MARC-145 cells were infected by the recombinant virus vA-ASFV-K205R (P5, P10, P15, and P20 viral stocks). Cell culture supernatants were collected at 48 h post infection. (A) Sequence alignments to show the genetic stability of ASFV K205R gene (P5, P10, P15, and P20 viral stocks). The sequences of foreign gene were displayed in blue color. (B) The copy levels of K205R gene were detected in the recombinant PRRSVs (P5, P10, P15, and P20 viral stocks) by RT-qPCR. Data are presented as the mean ± standard deviation of three independent experiments.

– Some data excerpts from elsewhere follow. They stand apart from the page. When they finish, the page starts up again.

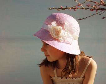 Toddler girl hat baby girl hat girls floral hat fabric hat for baby girls pink coral vintage inspired girls hat - Edith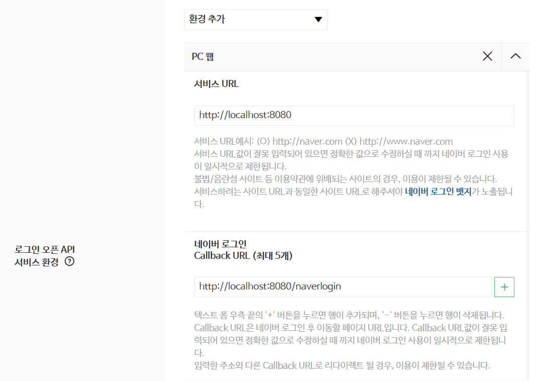 2. 각 항목 내용 채워넣고, 개발용으로 초기 발급일 경우 아래와 같이 localhost 로 URL 작성
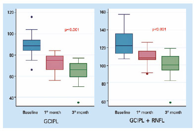 Resultados: A espessura média pré-operatória da camada plexiforme interna de células ganglionares e da camada plexiforme interna de células ganglionares ± camada de fibra nervosa da retina foi de 88,9 µm e 124,8 µm, respectivamente; a espessura média da camada plexiforme interna de células ganglionares com 1 mês e 3 meses após a cirurgia foi reduzida para 72,8 µm e 65,2 µm (p<0,001 e p<0,001, respectivamente). A espessura média da camada plexiforme interna de células ganglionares pós-operatórias + da camada de fibra nervosa da retina também foi reduzida com 1 e 3 meses (108,8 µm e 99,3 µm; p<0,001 e p<0,001, respectivamente). Nenhuma diferença significativa foi observada entre a acuidade visual melhor corrigida pré e pós-operatória com 1 e 3 meses (p <0, 73 e p<0, 14, respectivamente).

Statistical significance was analyzed using t-tests. ns, not significant. (C) The pK205R expression in the recombinant PRRSVs (P5, P10, P15 and P20 viral stocks) was detected using 2H11 by IFA.

Figure 7

The indirect ELISA method against pK205R efficiently detected clinical samples and recombinant PRRSV virus expressing ASFV antigen. (A) Sensitivity testing of the ELISA method and the commercial ELISA kit using positive sera of ASFV. (B) Specificity testing of the method using CSFV, PRV, PRRSV, PEDV, FMDV, PCV2 and ASFV sera samples. (C) The PRRSV-specific humoral immune response was assessed by the S/P value identified from serum samples collected at the indicated time points from piglets in vA-ASFV-K205R, vHuN4-F112, and mock groups. (D) pK205R-specific serum antibodies of the three groups were tested using the indirect ELISA method.